Design Fundamentals • Back-of-the-envelope CalculationsMedium⏱️ ~3 min
Fan Out Calculations and Write Amplification Trade Offs
Fan out represents write amplification when a single user action triggers multiple downstream writes or reads. In social media systems, this manifests in two architectural patterns: fan out on write (precompute and push to follower feeds) and fan out on read (compute timeline on demand by pulling from followees). The calculations dramatically differ. For fan out on write, if each post reaches 500 followers on average and your system handles 1 million posts per day, you generate 500 million feed insertions daily. This translates to approximately 5,800 insertions per second on average, but regional spikes can create 5x peaks reaching 29,000 insertions per second. If each feed entry consumes 150 bytes for IDs, timestamps, and pointers, raw storage grows by 75 GB per day, becoming 225 GB per day with 3x replication or 82 TB per year.

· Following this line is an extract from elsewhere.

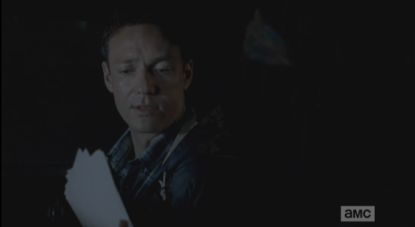 Aaron’s self-satisfied smile of before quickly disappears, and he begins to stammer out some bullshit about how he tried to take a group picture, but the exposure, and then problems with the developing…he’s clearly lying. But why? My first three guesses, right off the top of my head: 1) They were all shut inside the factory warehouse, mass-producing some product that Alexandria makes and sells to other outside communities, like…license plates, and they only get two 15-minute breaks every 12 hours; 2) Everyone in Alexandria is bound and gagged in their respective gimp closets, except for the dominants who keep watch over them; 3) Alexandria is actually a leprosy colony, and the inhabitants, while still techinically living, are losing flesh and limbs at a rate that rivals the decomposition of the walkers. What’s your guess?

Fan out on read eliminates this write amplification but moves the cost to read time. When a user requests their feed, the system must query posts from all followees (say 200 people), rank them, and return top results. If average query latency per followee is 5ms and queries run in parallel across 10 shards, you still need approximately 10ms for data retrieval plus 20 to 40ms for ranking and filtering. This seems reasonable until a celebrity with 50 million followers posts: under fan out on write, you face 50 million feed insertions; under fan out on read, every one of those 50 million followers incurs a query that must fetch and rank the celebrity's recent posts. The read spike can overwhelm databases and caches.

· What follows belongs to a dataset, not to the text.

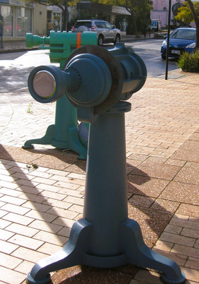 When you arrive at Preston Street there are a number of shops including some cheerful cafes to stop for a coffee. Wandering down Preston Street you will pass Nasi Lemak Corner and you can find a playful mural acknowledging Indonesian culture on the western façade. Right next door you can't miss the pink art deco Cygnet Theatre which has been operating since 1938. Make sure you continue past to check out Alfred Hitchcock on it's southern wall. Along Preston St the camera and canister artworks reflect the history of the cinema. These artworks are interactive and you can rotate the films and projector reels to see historical and contemporary etchings of Como, including images of the river, the jetty, trams, street theatre and maps.

Production systems use hybrid approaches. Twitter and Facebook historically fan out on write for normal users but fan out on read for celebrities and high follower accounts, with thresholds around 1 to 10 million followers. This keeps write amplification bounded while avoiding read time spikes. The calculation to choose: estimate (posts per day × average followers) for write cost versus (timeline reads per day × average followees × query cost) for read cost. If write amplification is 1000x but timeline reads are 10x more frequent, fan out on read may be cheaper. However, if p99 read latency SLOs are tight (under 200ms), the variability of fan out on read during celebrity events may violate SLOs, forcing precompute despite higher write and storage costs.
💡 Key Takeaways
•Fan out on write amplification: 1 million posts per day with 500 followers each generates 500 million feed insertions daily (5,800 per second average, 29,000 per second peak), consuming 225 GB per day with 3x replication
•Storage growth for precomputed feeds: 150 bytes per feed entry times 500 million insertions per day equals 75 GB raw, becoming 82 TB per year with replication before considering feed pruning and retention policies
•Fan out on read cost: user timeline request queries 200 followees with 5ms per query, requiring 10ms for parallel shard queries plus 20 to 40ms for ranking, but celebrity posts create read spikes across millions of followers
•Hybrid strategy thresholds: Twitter and Facebook fan out on write for normal users, switching to fan out on read for accounts exceeding 1 to 10 million followers to bound write amplification
•Decision formula: compare (posts per day times average followers) for write cost against (timeline reads per day times average followees times query cost) for read cost, factoring in latency SLO sensitivity
•Celebrity event failure mode: single celebrity with 50 million followers posting creates either 50 million feed insertions (fan out on write) or 50 million cache and database queries as followers refresh (fan out on read)
📌 Examples
Instagram feed calculations: 100 million posts per day with average 300 followers equals 30 billion feed insertions per day (347,000 per second average). At 200 bytes per entry, raw storage is 6 TB per day. With 3x replication and 30 percent metadata overhead, net growth is approximately 23 TB per day or 8.4 PB per year.
Reddit comment thread fan out: Popular post receives 10,000 comments. With nested threading, average comment has 3 parent references requiring index updates. Total index writes are 10,000 comments times 3 parent updates equals 30,000 index operations. If post receives 500,000 views and each view triggers comment tree fetch across 5 database shards, read amplification is 500,000 times 5 equals 2.5 million queries.
LinkedIn connection suggestions: When user connects with someone new, system recomputes mutual connection counts for both users' networks. If each user has 500 connections, one new connection triggers updates for up to 1,000 user records. At 1 million new connections per day, that is 1 billion record updates daily or 11,600 updates per second average.